B - I need some cute/casual weekend shoes. I want something that is comfortable but still makes me look put together. What do you all wear? I was thinking some Jack Purcells?

C - I also am looking for a cute khaki skirt for both work and play. 

Please help me with some comments. 

To Do: Style Like Mrs. O

I like Mrs. Obama's belt here. A lot. I never knew that a clear plastic belt could be so chic. 

Props. 
I don't like how much Oprah's head is up Mrs. O's ass. 



I just like this picture because the other dude in it (yeah, the one on the left. no the far left.) is a good friend of mine. He is also the Chief Usher of the White House. Props Admiral. 

All from here

Tuesday, March 3, 2009

To Do: Be Thankful

Today I am thankful for the Gays. 


What does a relationship need to put a little spark back into it? A gay guy to fantasize about The Dude. 

Here is what happened:
A local guy (we will call him Be Gay Al) asked a friend of mine for the name of that Marine that looks like Josh Hartnett.
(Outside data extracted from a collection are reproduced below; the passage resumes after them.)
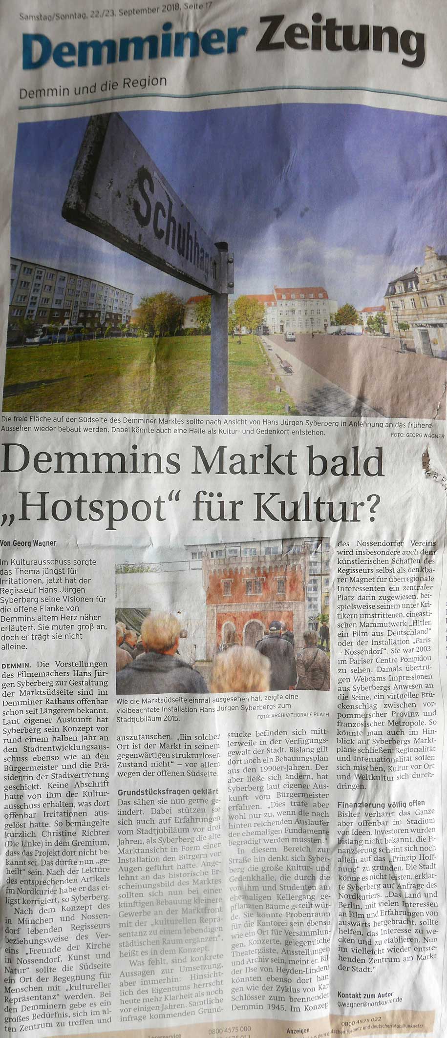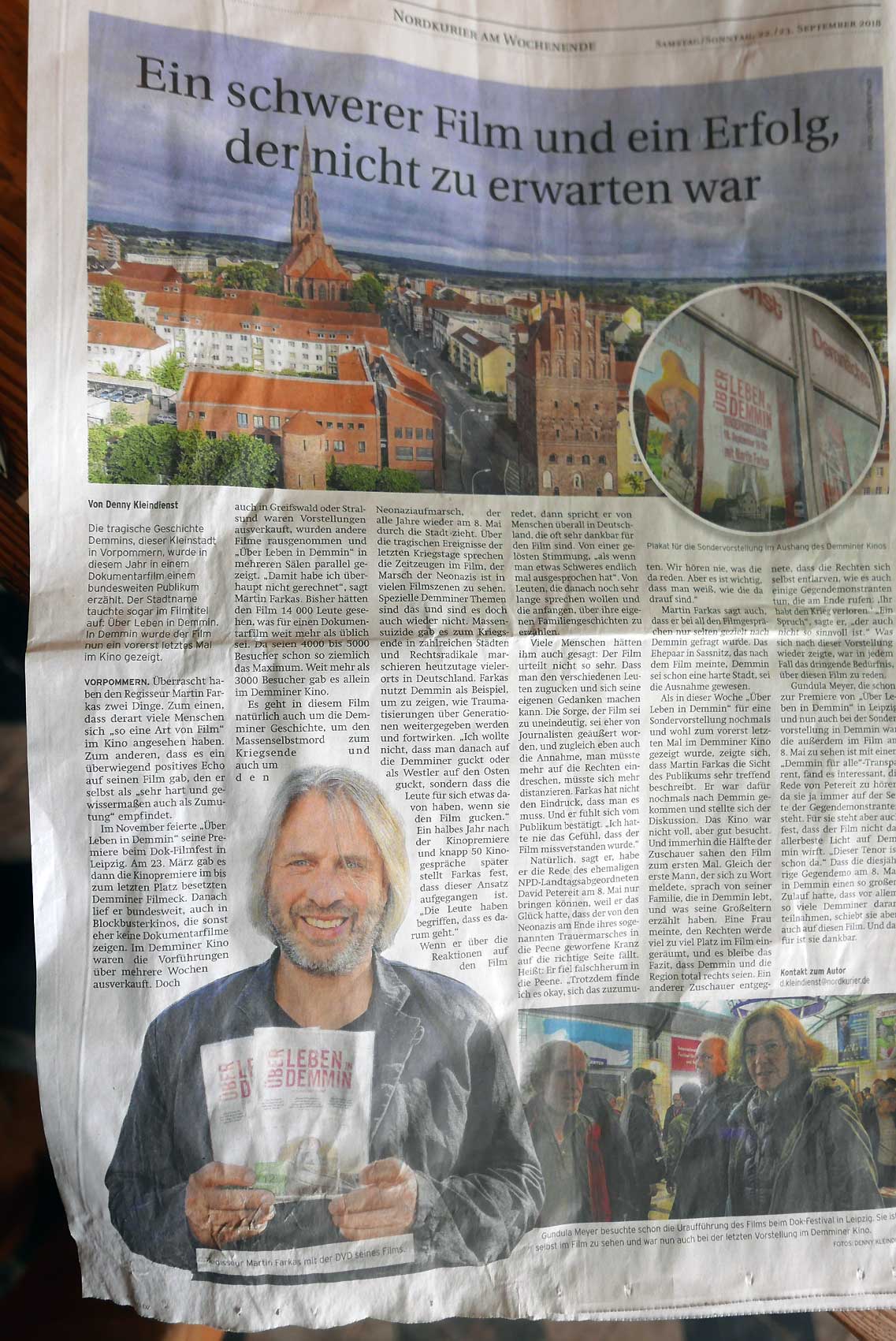 Nun ist sie auch eine Demminerin. Im Buch zum Film über sie dokumentiert, alle Orkane überwindend mit Lachen. Auch Karl Schlösser noch dabei. Und wenn wir dort das Programm dazu machen werden, mit Ehrenrunde für alle auf offenem Markt. Nach oben offen.
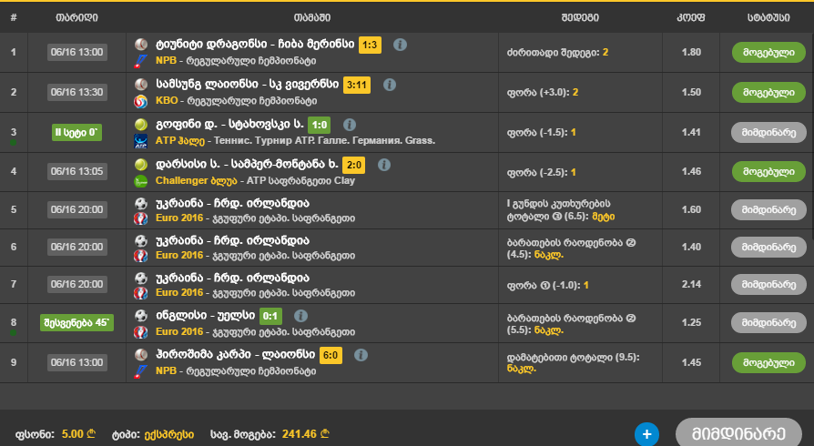 ტოტალიზატორი, EURO 2016
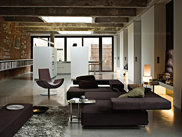 矩形形状的不锈钢咖啡桌,作为阁楼沙发的补充服务元素,它们可以自由地和沙发或扶手椅进行组合。
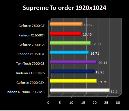 Under F.E.A.R., tested here in its last version, the performances of Radeon X1950 GT are about the same as GeForce 7900 GS. The overclocked model from Twintech succeeds in rising the performance of 7900gs to the level of Radeon X1950 Pro whereas GeForce 7900 GTX and Radeon X1900 XT 512 MB occupy, with equality, the highest place . The comparison of performances between Radeon X1950 GT and Radeon X1650 XT reveals here a profit in 44% in 1920x1200 .
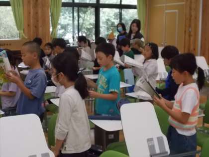 「とどけよう このゆめを」の曲を歌ったりリコーダーで演奏したりしました。全員でリコーダーの指使いを確認して練習した後、グループにわかれて、歌グループとリコーダーグループで合同で曲を楽しみました。
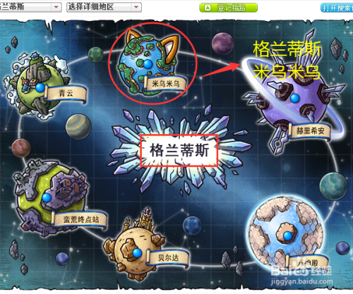 尖耳狐狸村在格兰蒂斯宿世界,我们在地图上选择格兰蒂斯界面,图上这个名为米乌米乌有尖尖狐狸耳朵的星球就是。
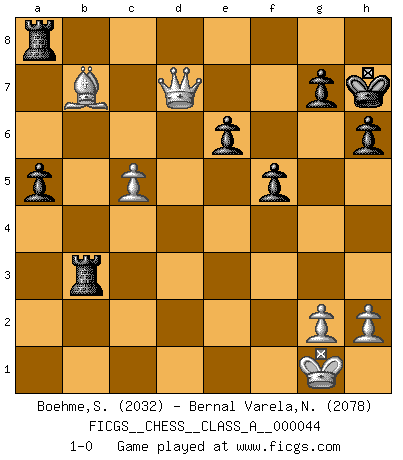 Last move : 1-0 2009 February 16 2:34:10 [Event "FICGS__CHESS__CLASS_A__000044"] [Site "FICGS"] [Date "2008.07.28"] [Round "1"] [White "Boehme,Sebastian"] [Black "Bernal Varela,Nelson"] [Result "1-0"] [WhiteElo "2032"] [BlackElo "2078"] 1.e4 c5 2.Nf3 d6 3.d4 cxd4 4.Nxd4 Nf6 5.Nc3 a6 6.Bg5 e6 7.f4 Qb6 8.Qd2 Qxb2 9.Rb1 Qa3 10.e5 dxe5 11.fxe5 Nfd7 12.Ne4 h6 13.Bh4 Qxa2 14.Rd1 Qd5 15.Qe3 Qxe5 16.Be2 Bc5 17.Bg3 Qd5 18.c4 Bxd4 19.Rxd4 Qa5+ 20.Rd2 O-O 21.Bd6 Rd8 22.O-O f5 23.Nc3 Nf6 24.Ra2 Qxa2 25.Nxa2 Rxd6 26.Qc5 Rc6 27.Qd4 Kh7 28.Nb4 Rc7 29.Qd8 Rc5 30.Qe7 Ra5 31.Qc7 Nc6 32.Nxc6 Rc5 33.Qe7 Rxc6 34.Rd1 Rb6 35.Bf3 Bd7 36.Rxd7 Nxd7 37.Qxd7 a5 38.c5 Rb3 39.Bxb7 1-0 Sicilian : Najdorf, 7...Qb6 Kingside Castling by player Black (move 20) Kingside Castling by player White (move 22) Player White won this chess game. Follow this game move after move (download)A man that will take back a move at Chess will pick a pocket. (Richard Fenton) Ein Springer auf f6 gegen die eigene Rochadestellung ist schlimmer als ein rostiger Nagel im Knie. (Efim Bogoljubov) Fischer sacrificó virtualmente todo lo que la mayoría de nosotros los 'debiles' (término que él usa) valoramos, respetamos y apreciamos por el amor de un astuto, a menudo hermoso tablero de juego, por el privilegio ambivalente de ser su mas grande maestro. (Paul Kollar) Il s'avisa de me proposer d'apprendre les échecs qu'il jouait un peu... me voilà forcené des échecs. J'achète un échiquier, je m'enferme dans ma chambre, j'y passe des jours et des nuits à vouloir apprendre par cur toutes les parties. (Jean-Jacques Rousseau, Confessions) May I never be complete. May I never be content. May I never be perfect. Deliver me, Tyler, from being perfect and complete. (Chuck Palahniuk, Fight Club)
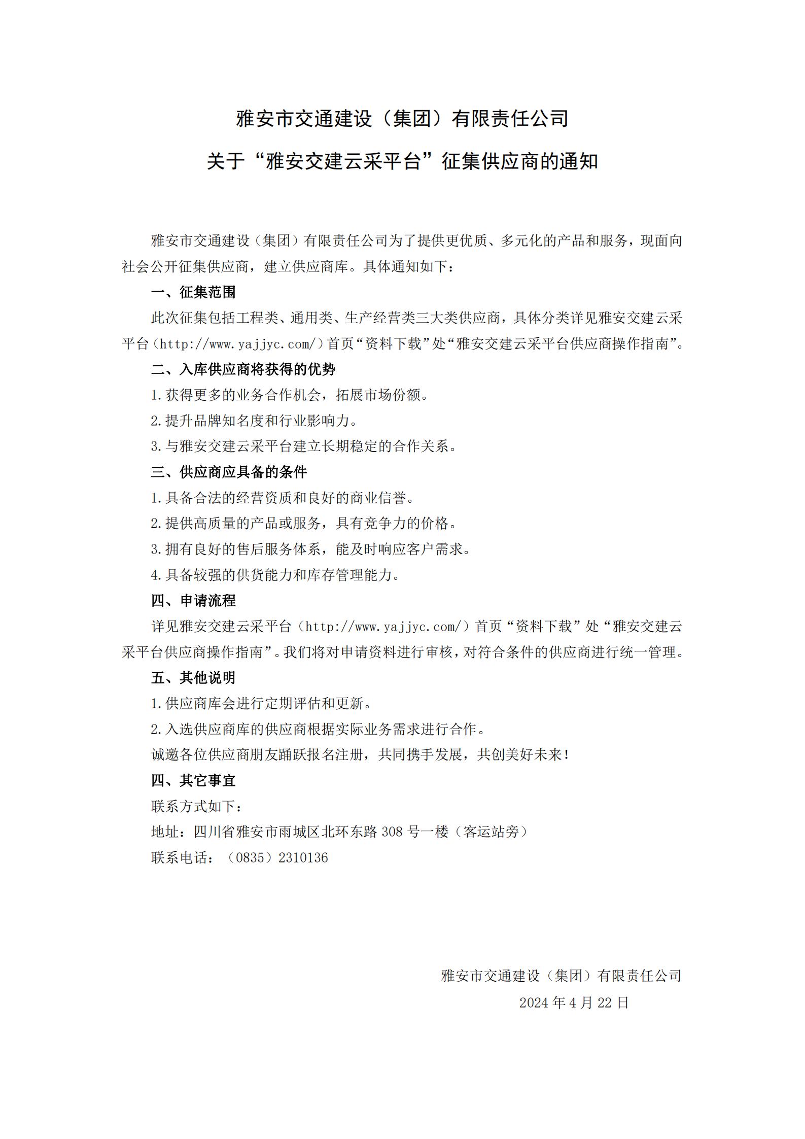 雅安市交通建設(shè)(集團(tuán))有限責(zé)任公司關(guān)于“雅安交建云采平臺”征集供應(yīng)商的通知
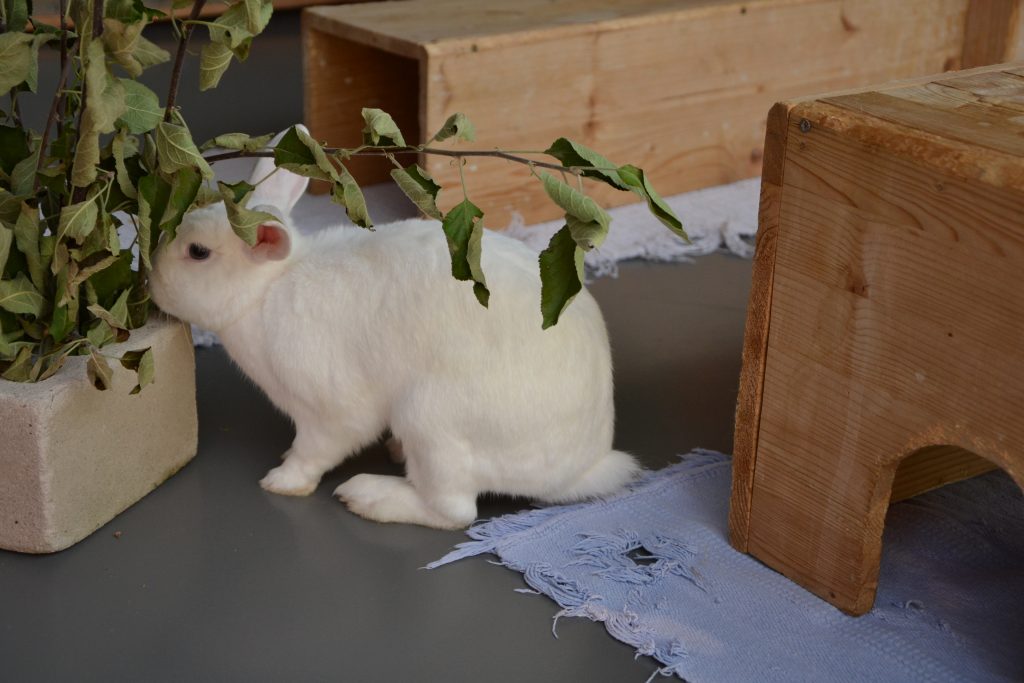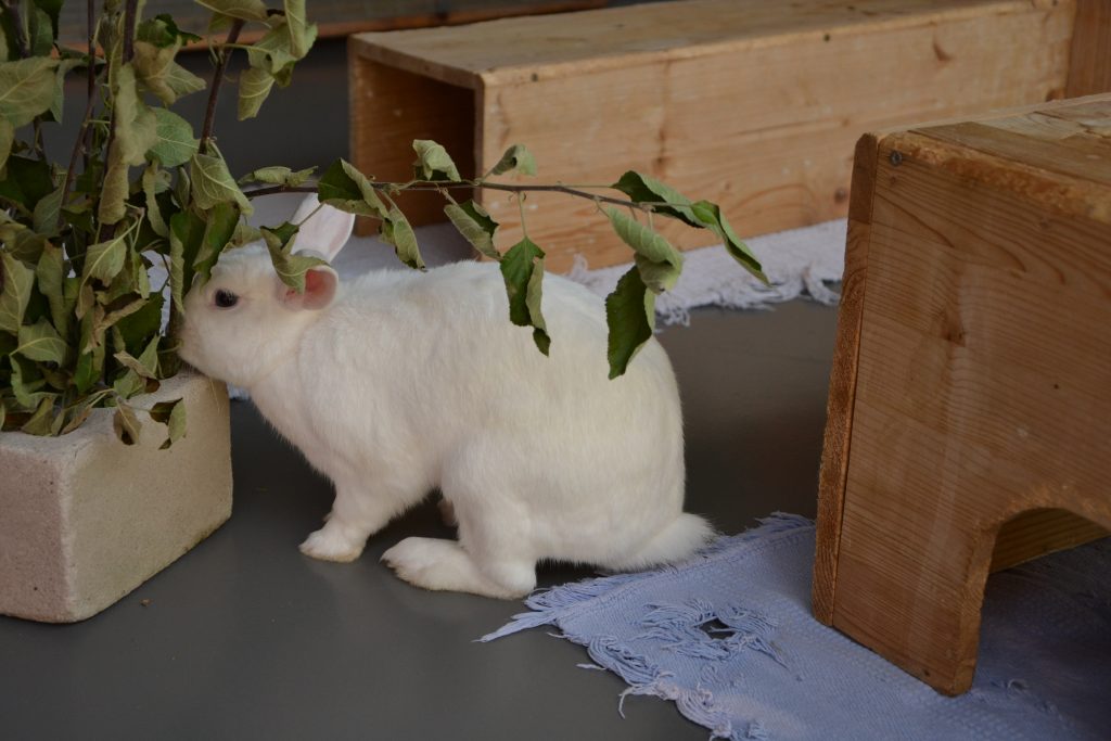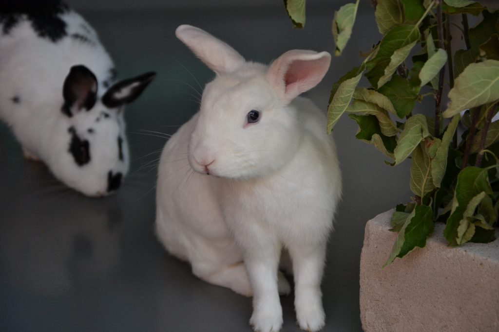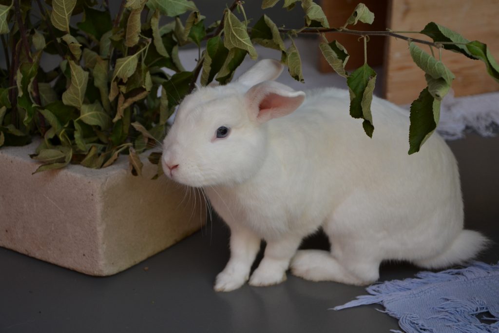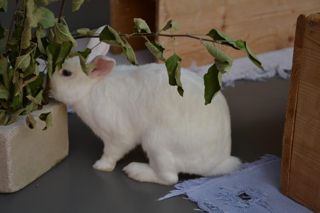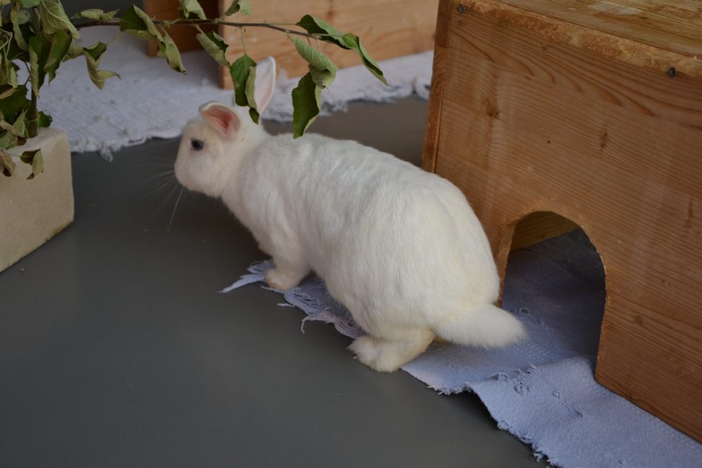 Indigo lebt bei uns mit den anderen Kaninchen in einer großen Gruppe, was gut klappt.
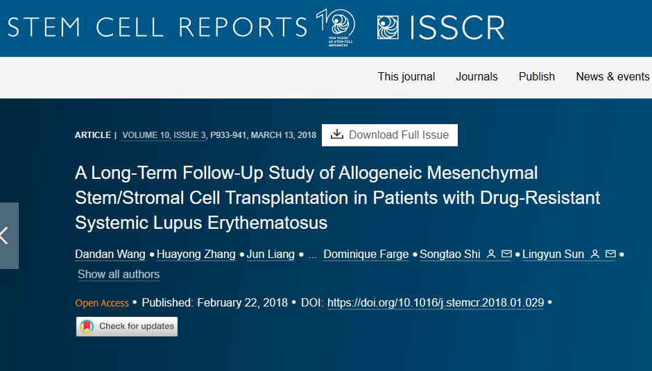 2018年,國(guó)際期刊《STEM CELL REPORTS》上刊登了關(guān)于間充質(zhì)干細(xì)胞治療系統(tǒng)性紅斑狼瘡的臨床研究。這是一項(xiàng)開(kāi)放標(biāo)簽的II期臨床試驗(yàn),81名重度難治性系統(tǒng)性紅斑狼瘡患者接受異體骨髓/臍帶間充質(zhì)干細(xì)胞靜脈輸注治療,并進(jìn)行了平均長(zhǎng)達(dá)5年的隨訪。
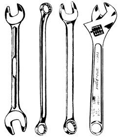 The open-end of any wrench is the easiest part of the wrench to use but not very effective for hard work because the wrench only grasps the fastener on two (2) sides and can easily slip, damaging the fastener and operator. The box-end of a wrench is far stronger because it holds the fastener on all sides. An adjustable wrench is similar to the open-end of a wrench but with one of the jaws being adjustable.
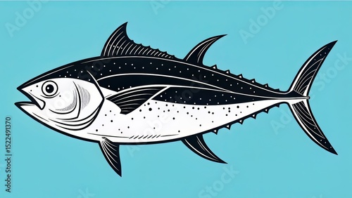 Fototapeta premium Stylized tuna fish in black over bright cyan background, with bold line art...
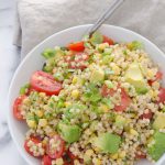 The flavors of the Latin American ingredients cilantro, avocado, corn and tomatoes truly brighten up this nutrient-rich, satisfying Spicy Sorghum Salad with Avocado. This delicious vegan sorghum salad recipe is also gluten free. Just cook up whole grain sorghum, then toss it with veggies, olive oil, lemon juice and seasonings, and you’re ready to go! This hearty, nutritious salad is packed with heart-healthy ingredients. And it’s a good source of protein, fiber, and antioxidant compounds, thanks to these wholesome, plant-based ingredients. Mix it up and enjoy it for lunch or dinner, or in meal prep. I love to serve this salad at picnics and potlucks too. It’s even better the next day!
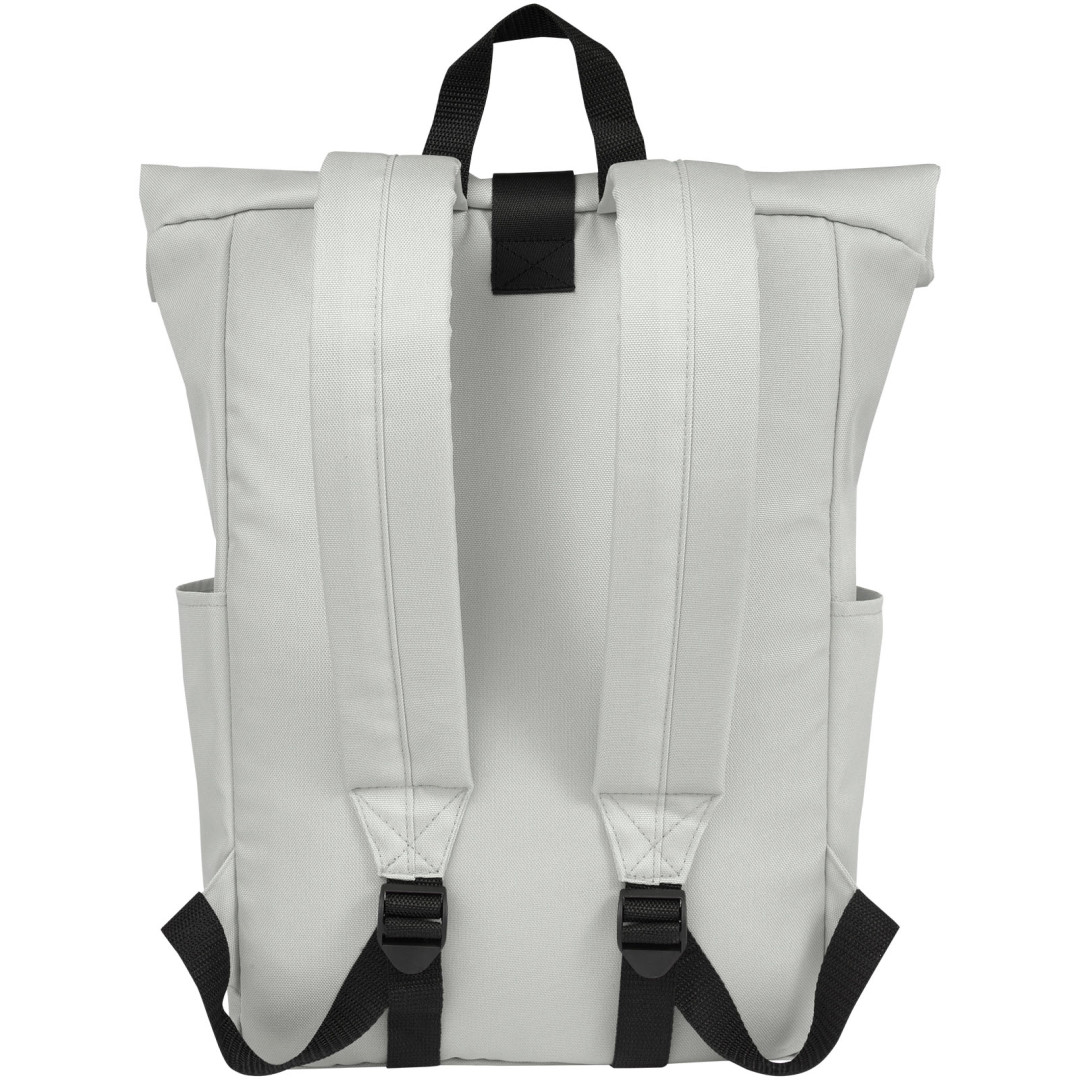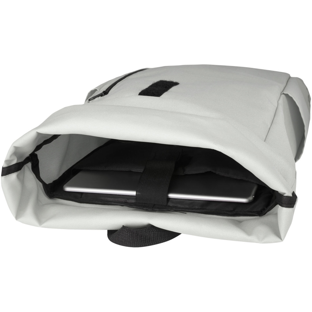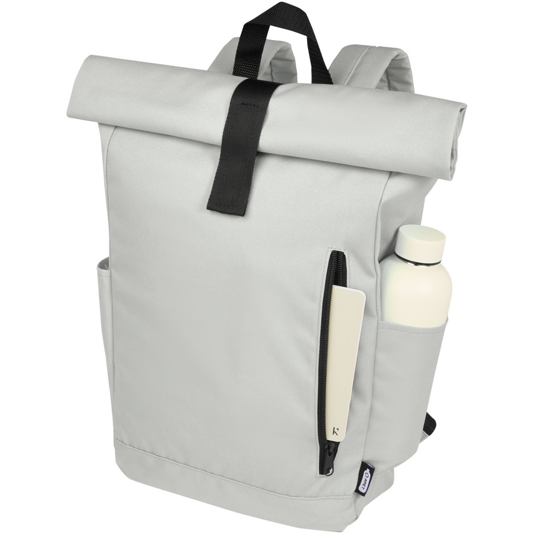 Praktický, pevný a voděodolný batoh na kolečkách z recyklovaného polyesteru GRS s velkou vnitřní přihrádkou na 15,6" notebook, přední kapsou na zip a 2 bočními kapsami. Polstrovaná zadní strana, nastavitelné a polstrované ramenní popruhy, poutko na přenášení a praktický rolovací uzávěr s kliknutím na horní straně. Ideální taška pro každodenní použití s minimální ekologickou stopou.

He said that he had the biggest crush on him and wanted to know his name. So my friend asks me for The Dude's first name (since the other Marine/friend only knew his last name - its a Marine/Military thing)

Anyhow my friend tells me about it (and Big Gay Al trys to add The Dude as a friend on Facebook). The only time I met Big Gay Al was when I looked like a total Roseanne. So he was shocked to hear that this grubby girl was dating his fantasy. It made me happy (since I know I don't always look that grubby.)

So thanks Big Gay Al, you made me like The Dude so much more. 


In fact, I woke up early today and made The Dude fresh blueberry pancakes and bacon so that I could bring him breakfast in bed. Thankfully he woke up right before I brought it into him... since I had just burnt the bacon and it set off every fire alarm in my house. Awesome.